Kawashima split long portions of freshly harvested bamboo into slats about 1 inch wide and coaxed them into curves that in certain areas are so taut they seem spring-loaded. The slats crisscross diagonally and are meticulously secured at each intersection with black yarn knotted and trimmed to resemble small bow ties. Almost a brutal contrast to the smooth green bamboo, the stark black ties resemble the sharp ends of barbed wire. Kawashima states that he draws upon imagery far less severe, referring to fences in Japan where connections are deliberately exposed and highlighted.

Partly constructed like a trellis, the form is sure to suggest garden structures, but as a large enclosure, its apparent structural strength (like Buckminster Fuller's geodesic domes built with lightweight cords) offers more complex interpretations.

Curving slightly from the gallery entrance, the form is part building and part living organism. It is hedgelike in scale, color and texture (the fringe is also similar to small flowers or prickly growth), and it is physically impenetrable yet visually open.

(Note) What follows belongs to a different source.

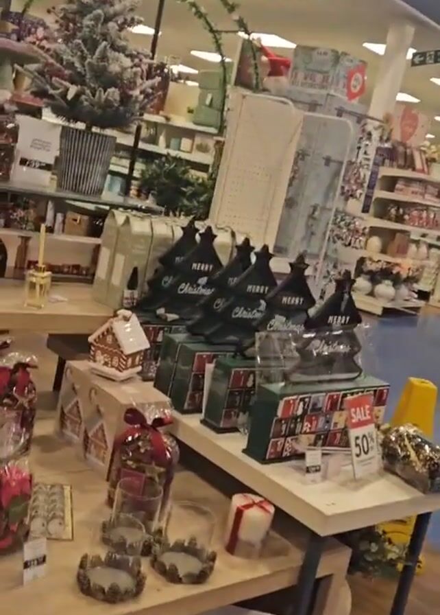 interior of a retail store decorated for Christmas. Displays feature Christmas trees, gingerbread houses, candles, floral arrangements, and other holiday-themed items. Shelves are stocked with various products including vases and home decor. The floor is blue in some areas and wood-like in others. The store is well-lit with overhead fluorescent lights.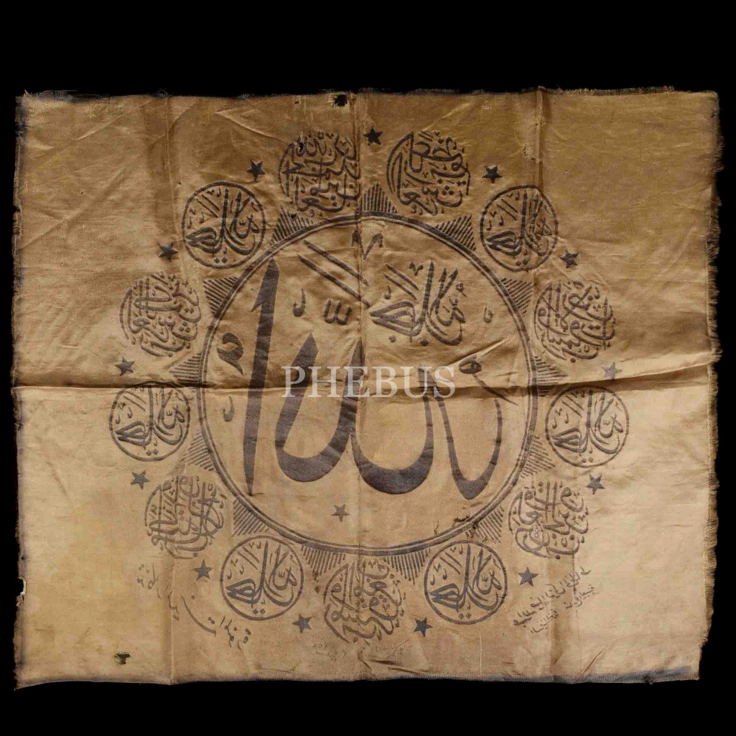 Medine-i Münevvere Yadigarı Lafzatullah Yazılı Kumaş, Abdullah Rıza et-Türkî el-Hattat ketebeli, 1958, 53x45 cm...,

Eight of the artist's small sculptures, some of which are models for larger works, are also exhibited here. Like Kawashima's large installation, these objects are closed, curving and based on cylinders. The suggestions of springing action and of contained energy carry throughout his small work too, but constructed with strands of bamboo thinner than a toothpick, they seem as weighty and lasting as a ring of smoke.

Viewers may feel intimately drawn to these objects, large or small, because in Kawashima's hands, every element — from the sumptuous curves of the forms to the handling of each connection — responds to the human form. One might presume that is no accident, but a product of years of practice and study. S



Shigeo Kawashima's work will be at the Visual Arts Center of Richmond, 1812 W. Main St., through July 23. 353-0094.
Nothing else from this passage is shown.